Entre mi habitación y el cuartito de santos, sólo hay una pared, ambos saben que no están solos. Mi habitación tiene dos puertas, una con cerradura y otra que se abre o cierra desde adentro, por allí salió el intruso, para tocar la puerta de madera del cuartito de los santos.

Ni sonidos, ni olores que tronchen mi estatus; ser advertido por señales físicas es inoperante. Son las reacciones de los seres a esos estímulos, lo que me hace intuir para predeterminar.

El hombre olió la esperma de velas, con cautela desplazó el palo que sirve de travesaño y abrió hacia sí la puerta, retrocediendo por el calor.

El cirio encendido aumentó la llama; que hasta esa intensidad toleraba, si aumentara, mi equilibrio se comprometería y abandonaría ese ambiente.

“Un perverso velando muertos”.

Indagué en lo profundo de mi inexistencia, sin hallar discernir, algo me aturdía y a la vez embelesaba; acaso cobraba entidad.

La voz que irrumpió se notaba tan cercana, que presumí un estado de conciencia asociado a un nivel superior, por mi inexplorado.

“Me describen como loco aunque no lo estoy, llegaron a sembrar duda. Hoy descubrí que mi mente no tiene límites, puedo pensar contigo”

No descifraba la recopilación que interfería con mi sobreentender; la fuente estaba interiorizada; descartando un origen tangible.

“Estás aquí, lo siento. No sé cuanto dure esta alucinación, pero logré mi objetivo”

Era posible comunicarse mediante elementos espectrales que abordaban vehículos de escasa conciencia; era lo que ocurría.

El vehículo estaba allí; agachando la cabeza para entrar al cuartito.

Retrocedió y giró a la izquierda para colocarse detrás de la puerta de salida de la casa.

Con violencia abrió la puerta y corrió al patio, buscando algo.

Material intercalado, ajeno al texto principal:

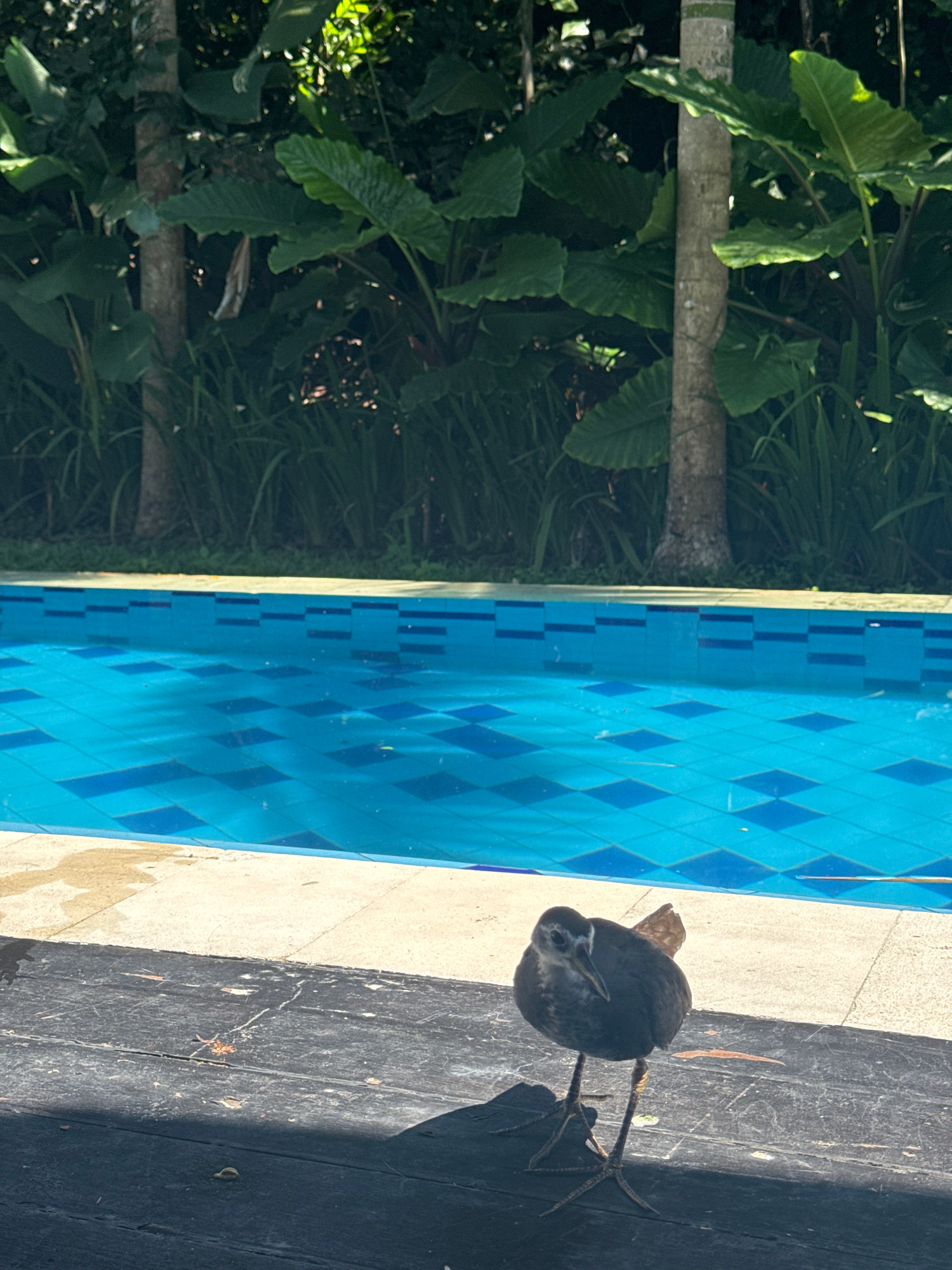 A dusky moorhen stands on a dark wooden deck beside a swimming pool in Kuta Selatan, Indonesia. The pool has blue and turquoise tiles. Lush greenery, including trees and large-leaved plants, is visibl…read more

Entró sin cerrar la puerta y lentamente caminó al interior del asfixiante cuartito.

Arrodillado ante la imagen del Cristo en la cruz, fue desvaneciendo hasta caer al suelo, arrastrando el cirio encendido. Allí lo vio el adolescente desde la puerta, parado sin actuar.

La llama se avivaba, alimentándose de pedazos de papeles con oraciones escritas a mano, cercanas a la cabeza del inmóvil vehículo.

Era momento de partir, llegaban sombras ávidas de candela y caos.

El adolescente entró al velatorio, recogió sus zapatos, con los que apagó las llamas.

Al salir cerró la puerta; colocando el travesaño, adentro quedó el desconocido inconsciente.

Las sombras se desvanecieron y el adolescente se marchó..

El crepúsculo de tarde veranera marcaba fronteras entre lo real y lo subjetivo.

La abstracción inherente a estados emotivos me hacía retornar a escenarios confusos, sumiéndome en un letargo.

Las luces que significaban liberación parecían no ser importantes. No me desplazaría en su persecución; algo me obligaba permanecer allí, junto al cuerpo del desconocido; experimentando sensaciones materiales.

Los difuntos carecen de sentidos materiales, inmediatamente después de la muerte se pierden esas facultades. Por lo tanto los muertos no hablan, no oyen, no palpan, no huelen y no ven. Desaparece el dolor, la ira, la alegría y cualquier otro tipo de sentimiento. Eso ocurre totalmente cuando atravesamos el umbral que separa la mente como energía imperecedera, ya desprendida de un cuerpo físico que la cultivó en vida.

Continúo aquí porque no he traspasado ese umbral, siendo ahora cuando comprendo mi asumida muerte.

Observo mi segunda agonía. Si, estoy viendo mi propia imagen avejentada. Antes sólo percibía seres.

Descubro que el intruso y yo somos el mismo individuo; no he sido un muerto integro, apenas comienzo la otra mitad del proceso.

En su agonía que no sufro; él sigue pensando conmigo, mostrándose más valiente al asumir la muerte, tan esperada para liberarse.

El accidente que provocó mi asumida muerte, fracturó mi cráneo. Fui consciente de la lesión, por dos días, al tercero me diagnosticaron muerte cerebral. Desde entonces estoy muerto. En contra de los pronósticos médicos, el cuerpo recobró funciones motrices y algo de destrezas asociadas a hábitos u otras conductas inconscientes que me permitieron una precaria independencia.

Aquí esperaré mi deceso y la rigidez de la muerte desde su instauración a su estado y resolución; es lo menos que puedo hacer por mi cuerpo que me permitió llegar a éste nivel.

Si acá encerrado, sin testigos que lo anuncien, comienza la fase de descomposición, que proceda. No estaré para ver, al aparecer la laxitud cadavérica expira mi vislumbre.